I feel this too to be honest. There were horrible videos I remember watching when I was a minor myself but didn't even take into account of what I was actually watching. And I'm pretty sure there were predatory comments for me too. It's really fucking shitty overall and I try my best to just repress it but can't. And they were cartoons for me too. Unfortunately in most countries that shit is actually legal... It's really good that you can talk to your therapist about this too. I also really didn't think I'd find someone that went through it like I did too.. This doesn't make you a bad person if you just saw it at the time and didn't go back to it. I'm really trying to stop with all sexual things in my life but these thoughts and events are really hard to deal with
Hey so I’m an 18 year old college student I’ve had ocd for a long time but I never wanted to admit this aspect of it as part of it and I still don’t. That’s why I won’t say it cause I’ll just end up crying again. I don’t even want to post about it cause this would just make the problem real. I know I’m not sexually attracted to them but my mind wants to trick me and I end up getting confused on which is rlly me, like the other aspects of my ocd. It spiked ig when someone sent me a meme and it was fine but at the end of it it showed a child being shown in a sexual way which was suppose to I guess be funny but it wasn’t rlly funny to me at all and got uncomfortable and the pocd thoughts came in hard and I had such a bad panic attack and then I felt the need to go back and check to see what I was feeling and went to the video the next day after avoiding it to see which after reading the threads here is I guess a big no no? I know I’m not sexually attracted but my mind is playing these games and confuses me and I’m so scared to even talk to my therapist about it or ask people for help cause what if they think I’m a pedophile? Children genuinely make me happy and I have a motherly instinct to care for them but my mind turns it into something darker and I know I don’t think of these kids sexually but it’s like I have the power to?And that freaks me out so much and it won’t leave me alone I don’t know what to do I know I’m not one but my mind is tricking me and it’s freaking me out and if my mind says it could be what if other people think I am no one I trust will even understand idk what to do I just needed to put this somewhere to vent
Hey guys, I'm really scared, someone PLEASE reply (POCD 18+) Okay, so tonight I was beginning to feel better about my obsessions and began to feel like maybe I was actually making progress. But I feel terrified rn, I'm scared because I used to watch hentai and cartoon stuff when I was younger, I'm 19, I would look up certain anime stuff or cartoons, but I started feeling happy that I probably stopped when I was 15. But now I'm terrified, I used to watch the tv show Big Mouth on Netflix but stopped after I started feeling uncomfortable with the show since it is really graphic. But I'm scared that I may have watched porn about the show while I was watching it. I don't really have strong memories about it but I'm terrified because that would have been when I was 16. I'm so scared, my friend said that "worst-case scenario, say you did, it's just a drawing at the end of the day" but I'm really scared. I'm really grossed out, I don't know what to do, I was just starting to maybe feel better but I don't even know anymore, I'm terrified, what do you guys think???

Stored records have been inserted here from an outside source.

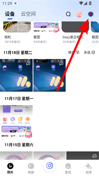1、打开一刻相册APP,点击页面右上角的头像图标,展开个人功能菜单。
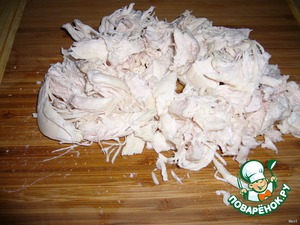 порезать куриные грудки (у меня их получилось только в ручную разделить :-))
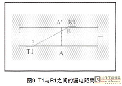 T1与R1之间的电气间隙即T1与R1间视线最短处距离,T1沿三角形边至角A距离为AB,R1沿三角形边至角A距离为,印制线路板的厚度为T,T1与R1之间的电气间隙BC=√(A'C+T2)+AB2 ,如图8所示,图中虚线为电气间隙路径,实线为漏电距离路径。T1与R1之间漏电距离如图9所示,以A-A′为轴将该部分印制电路板的竖直镂空面逆时针方向水平展开俯视,即得详细路径图。这些组数据都可以通过显微镜测量得到。
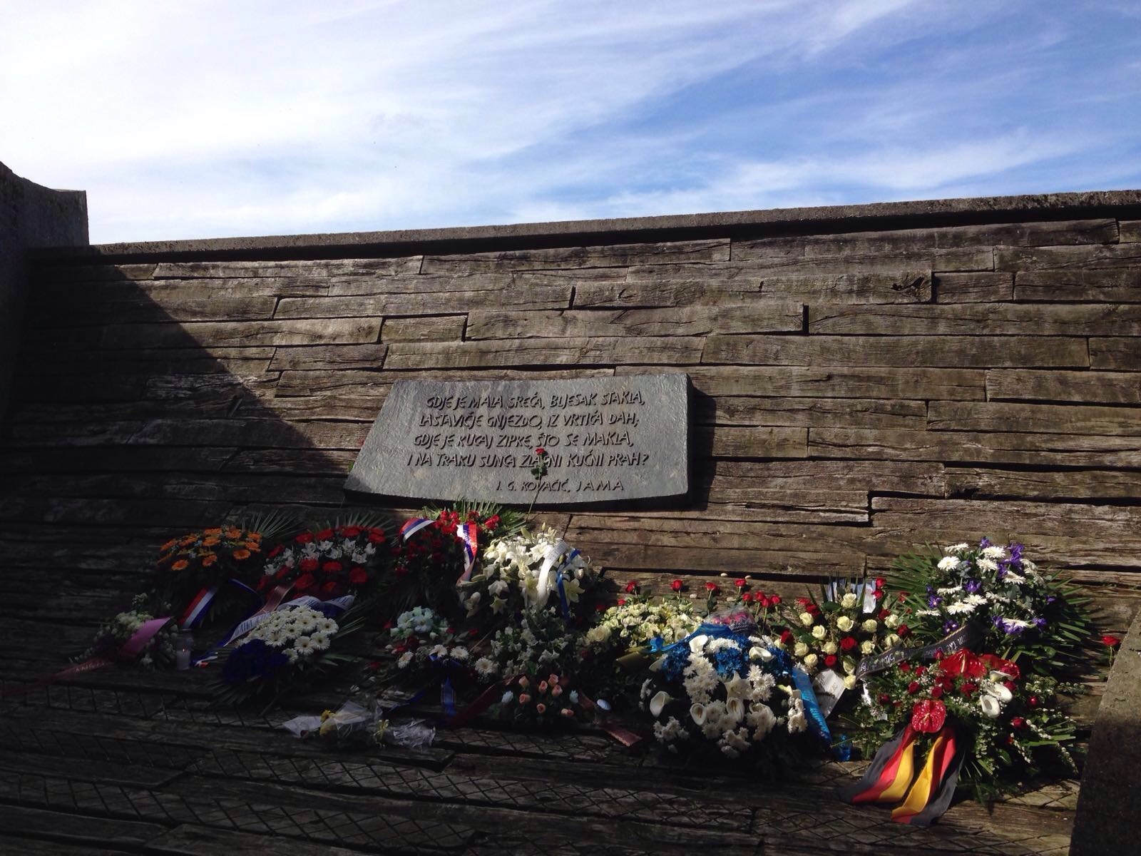 Heute besuchten wir die Gedenkstätte auf kroatischem Boden. Schon von weitem war die steinerne Blume zu sehen. Sie wurde im Gedenken an die Opfer des KZs während Titos Zeit errichtet. Das satte Grün des Frühlings legt sich wie ein zärtlicher Mantel über das Gelände. Die Blumenkränze im Denkmal erinnern an den Besuch einer internationalen Delegation. Sie sind auch aus Israel angereist. Ein Kranz ist für einen ermordeten Vater bestimmt. Hier ist die Atmosphäre düster und kalt. Helen, Gerhard und ich visualisieren heilendes, göttliches Licht. Leise beginnt Gerhard zu singen: Erd und Himmel zu verbinden, bist gerufen du oh Mensch. Das gemeinsame Singen tut uns selber gut, befreit den Ort von erdrückender Schwere und erhellt unsere innere Stimmung.
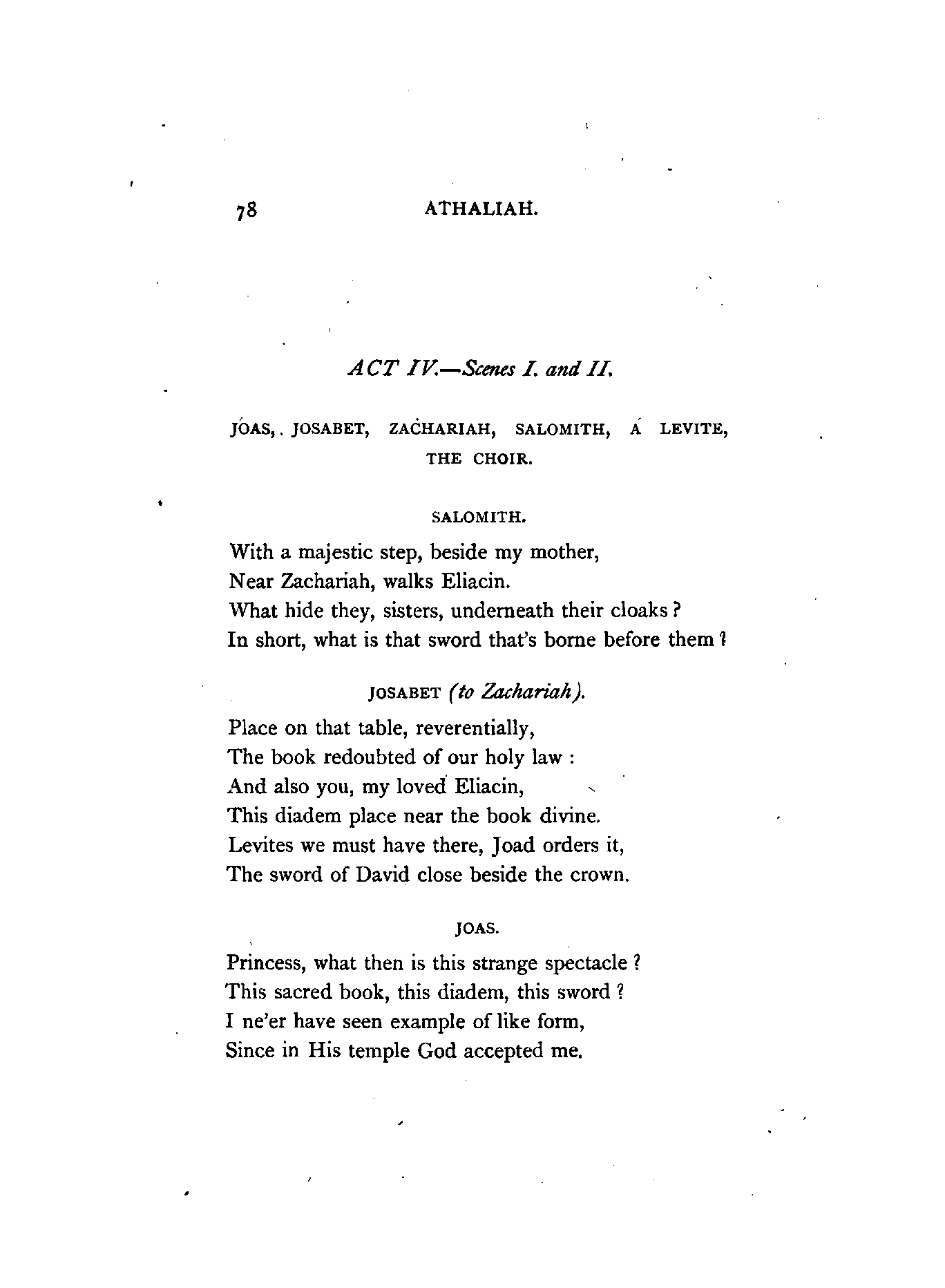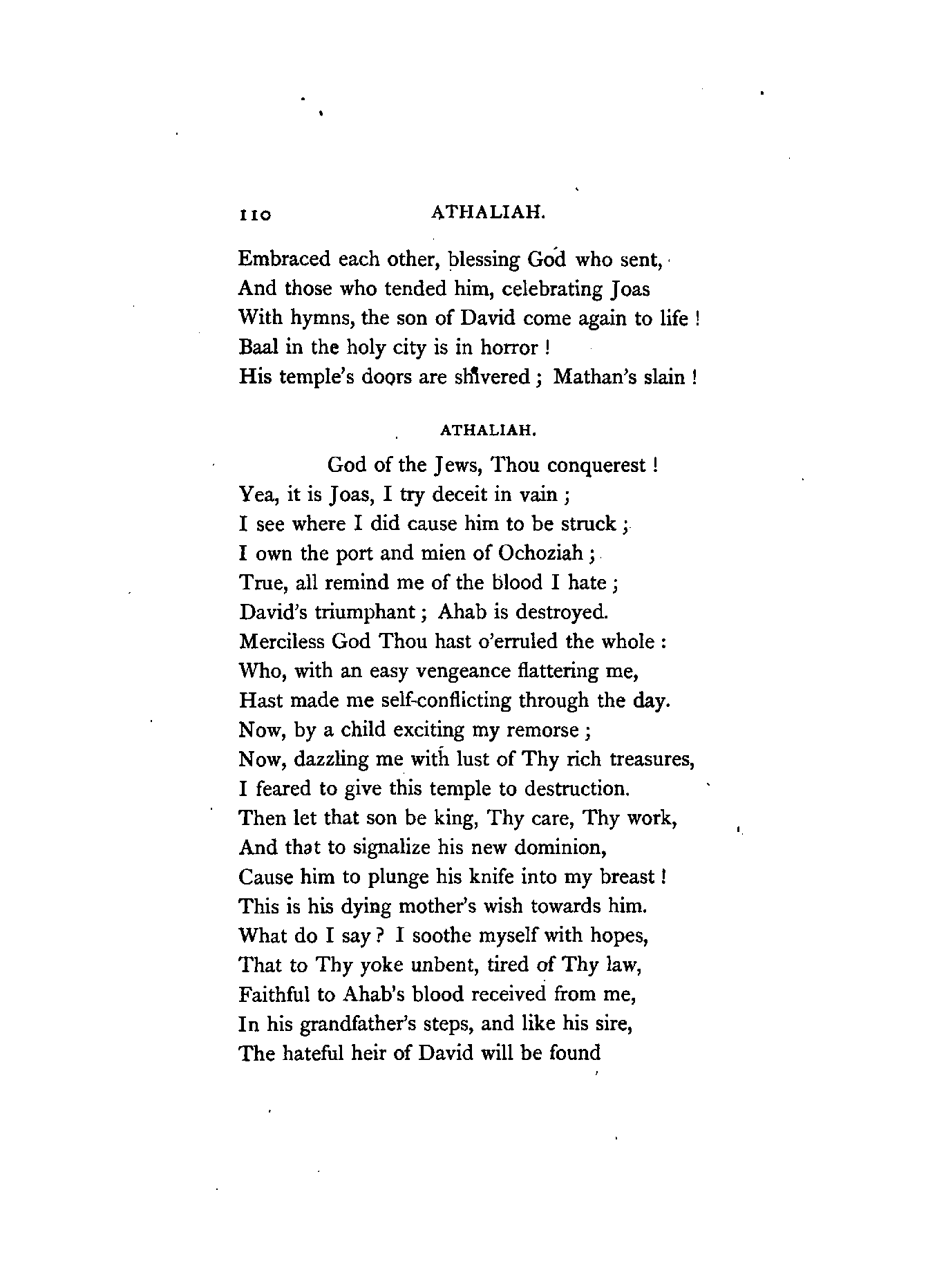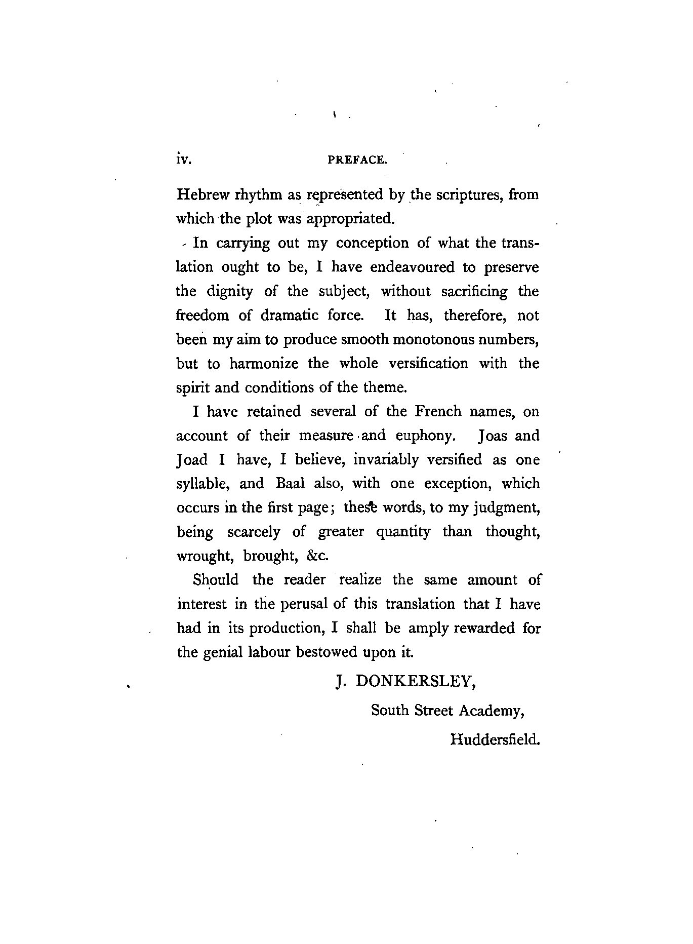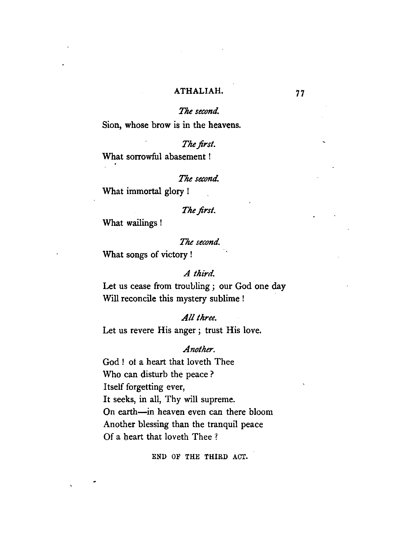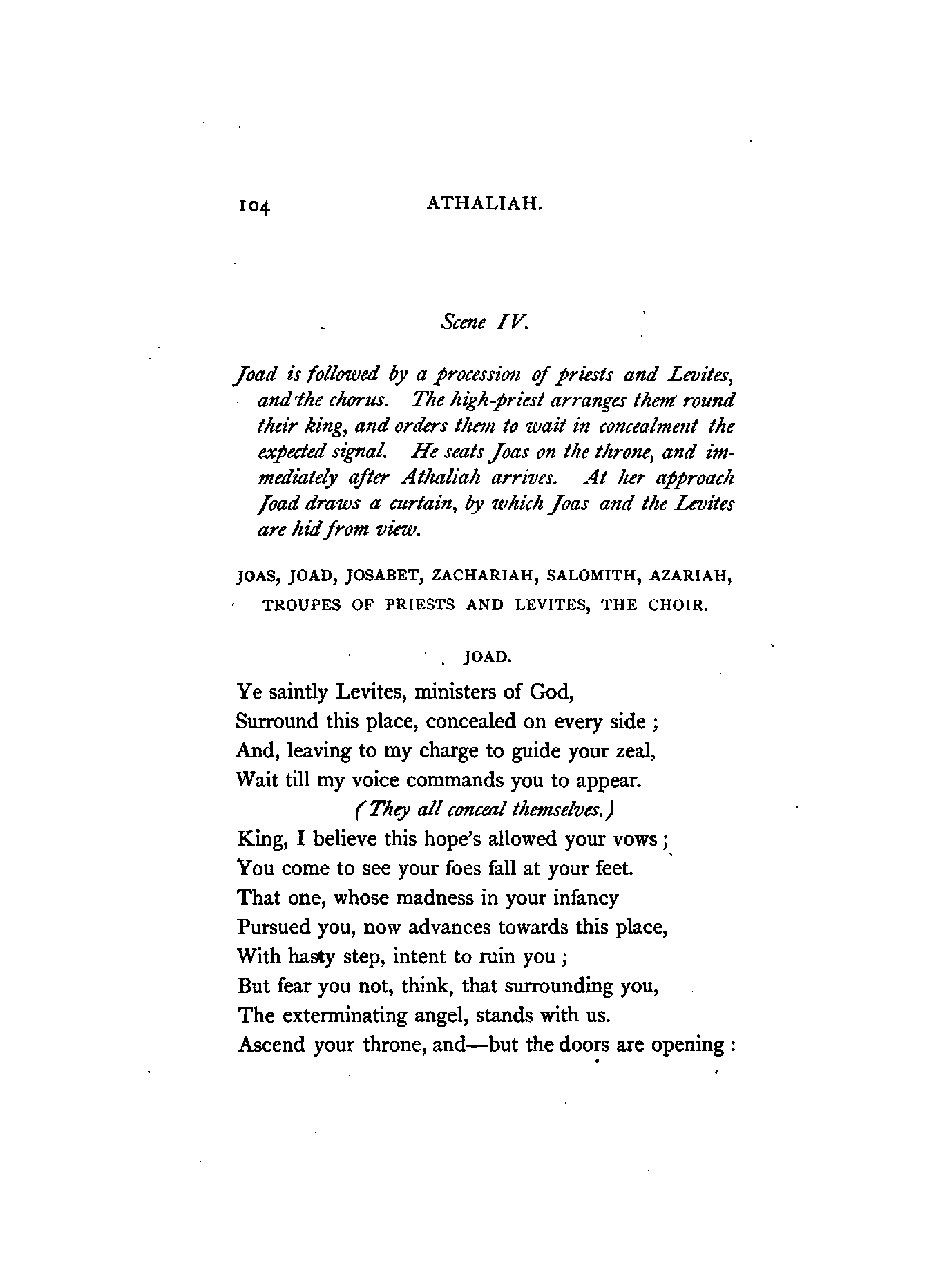 Racine, the author of Athalie (Athaliah), flourished in the latter half of the 17th century. At his appearance, Corneille, the great French Dramatist, was in the full splendour of his fame, whose rival he was afterwards recognised to be. Athalie is a Tragedy in rhyme, consisting of six Iambic feet, similar to the Alexandrine verse found occasionally in our English poets at the termination of a sentence or paragraph. Dryden, and a few others of less note, in the reign of Charles IL, introduced the rhyming drama to the English public; but the clank of its fetters was unpleasant to the British ear, which had become attuned to the freedom and majesty of blank verse. Blank verse, therefore, being our recognised vehicle of dramatic productions, has been employed in this translation. I did, however, intend in the first place to render the chorus into rhyme; but after maturer consideration it appeared to me that irregular blank verse would be more capable of tragic expression; and that it would also be more in harmony with the [4]Hebrew rhythm as represented by the scriptures, from which the plot was appropriated.
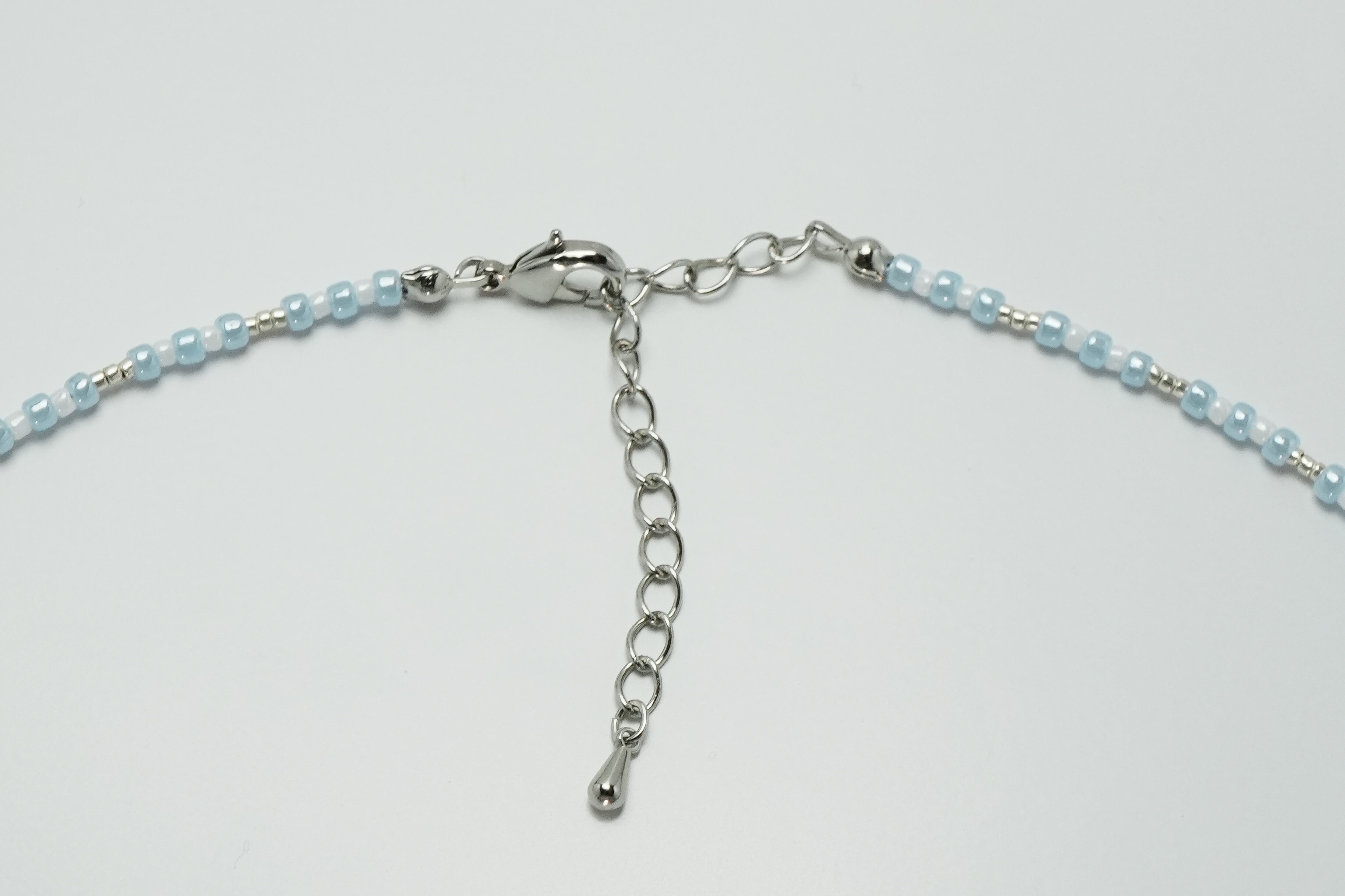 白茶のガラスいーぬと、ライトブルー・ホワイトのビーズ、ベロアリボンを使ったネックレスです。
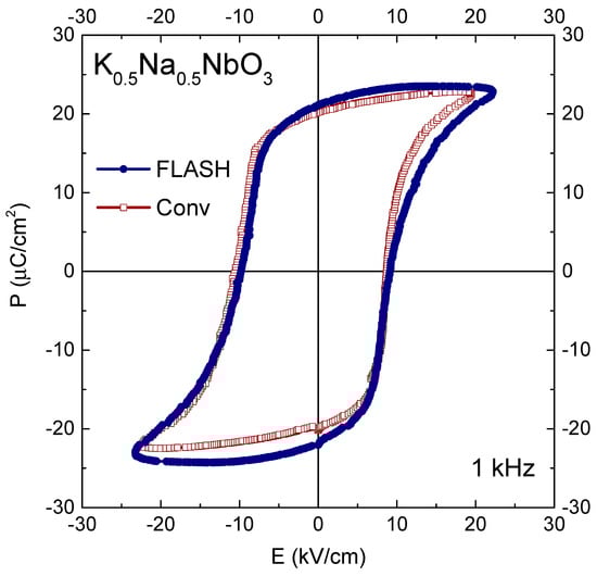 A slight superiority of Flash ceramics over Conv KNN is visible as well in the room-temperature polarization (P) behaviour as a function of the applied AC (1 kHz) electric field (E), illustrated in Figure 4. At a rather similar coercive field of 10 kV/cm, remnant polarization values of 20 and 21 μC/cm2 are obtained for Conv and Flash ceramics, respectively. In terms of the piezoelectric performance at room temperature, d33 piezoelectric coefficient of 115 for Conv KNN is also slightly lower than 117 pC/N for Flash ceramics.

I feel terrible. The porn I watched from ages 12-16 was disgusting, I feel like some sick sexual deviant. I don’t have the courage to tell my therapist what exactly I watched out of fear that they’ll confirm that it’s not ocd and my fears are true. I did tell them talk a little bit about my obsession with porn and we did erp for it but my fear is still so strong. I’ve seen people obsess about the same thing but I always feel like what I did was way worse.. :( I just don’t want to feel this way anymore when I’m doing good my fears seem so irrational and stupid but when it gets bad it feels very real and that my life is over.